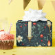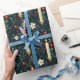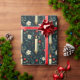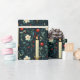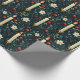 Papel de envoltura festivo con un patrón de vegetación y velas ardientes sobre un fondo oscuro.
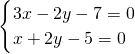∴|3x-2y-7|+(x+2y-5)2=0,
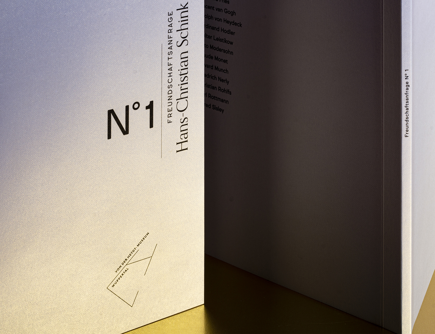 Typography and book design of the catalog for the exhibition series Freundschaftsanfrage at the Von der Heydt Museum Wuppertal.

▸ **Exercise objective**
What is needed is a verbatim copy of the material, minus its pictures.

▸ **Solution**
 Papel de envoltura festivo con un patrón de vegetación y velas ardientes sobre un fondo oscuro.
∴|3x-2y-7|+(x+2y-5)2=0,
 Typography and book design of the catalog for the exhibition series Freundschaftsanfrage at the Von der Heydt Museum Wuppertal.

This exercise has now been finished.